Hurricane Irene has hit New York with ferocious winds and driving rain that has caused massive power blackouts as the storm churns slowly northward along the east coast.
New York City’s normally bustling streets were eerily quiet after authorities ordered tens of thousands of residents to evacuate low-lying areas and shut down its subways, airports and buses.
Commuters were left to try to flag down yellow taxis and livery cabs that patrolled largely deserted streets.
Hurricane Irene, still a menacing 780 kilometre-wide hurricane, was enveloping major centres in the north-east, threatening dangerous floods and surging tides.
From the Carolinas to Maine, tens of millions of people were in the hurricane’s path, which howled ashore in North Carolina at daybreak on Saturday, dumping torrential rain, felling trees and knocking out power.
At least eight deaths were reported in North Carolina, Virginia and Florida.
New York mayor Michael Bloomberg warned more than 8 million people who live in New York that tropical storm-force winds would hit the city.
Mr Bloomberg told New Yorkers Irene was a life-threatening storm and urged them to stay indoors to avoid flying debris, flooding or the risk of being electrocuted by downed power lines.
“The edge of the hurricane has finally got upon us. It is dangerous out there,” he said.
“New York is the greatest city in the world and we will weather this storm.”
About 370,000 city residents were ordered to leave their homes in low-lying areas, many of them in parts of the boroughs of Brooklyn, Queens and Manhattan.
But many were unwilling to evacuate. Nicholas Vigliotti, 24, an auditor who lives in a high-rise building along the Brooklyn waterfront said he saw no point.
“Even if there was a flood, I live on the fifth floor,” he said.
Storm surge fears
The Miami-based US National Hurricane Centre forecast a storm surge of up to 2.5 metres for Long Island and metropolitan New York.
That could top the flood walls protecting the south end of Manhattan if it comes at high tide around 8:00am (local time).
With winds of 130 km per hour, Irene was a category 1 hurricane on the five-step Saffir-Simpson intensity scale.
By 11:30pm, the centre of the storm was 115 km south-south-west of Ocean City, Maryland, and 415 km south-south-west of New York City.
As it moved into New York, the centre said it expected Irene to remain a hurricane and weaken only after making its second landfall in New England.
It added that Irene’s winds could have a stronger impact on the higher floors of skyscrapers.
Summer vacationers fled beach towns and resort islands on Saturday.

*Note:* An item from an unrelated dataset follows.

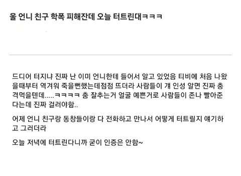어떤 커뮤에서 자기 언니가 학폭당했었다고 이따 저녁에 폭로한다 그랬거든 그 연예인 힌트는 그룹이었는데 이젠 솔로로 활동하고 있고 춤 잘춘대

More than 1 million people left the New Jersey shore and glitzy Atlantic City casinos were dark and empty.
This year has been one of the most extreme for weather in US history, with $35 billion in losses so far from floods, tornadoes and heat waves.
President Barack Obama, who cut his vacation short on the Massachusetts island of Martha’s Vineyard to return to the White House, was keeping a close eye on preparations for the hurricane.
After moving across North Carolina with less punch than expected but still threatening, the hurricane re-emerged over inshore waters on its route northward, hugging the coast.
Several million people are still under evacuation orders on the US east coast.
Irene left several million people without power in North Carolina, Virginia, Maryland and Delaware and widespread blackouts were reported in New York.
When Irene hit the North Carolina coast at daybreak on Saturday, winds howled through the power lines, rain fell in sheets and streets were flooded or littered with signs and tree branches.
Hundreds of thousands of people in Irene’s path evacuated their homes, many taking refuge in official shelters.
“Things can be replaced, but life can’t be,” said Robert Hudson, a 64-year-old military retiree, who sought refuge at a shelter in Milford High School in Delaware.
North Carolina governor Bev Perdue said there may be “a major hit” to tobacco crops, poultry and livestock in her state.
Shoppers stripped supermarkets and hardware stores of food, water, flashlights, batteries and generators.
Torrential rain hit downtown Washington but expected high winds had still not reached the city after midnight and restaurants remained open, some of them almost full.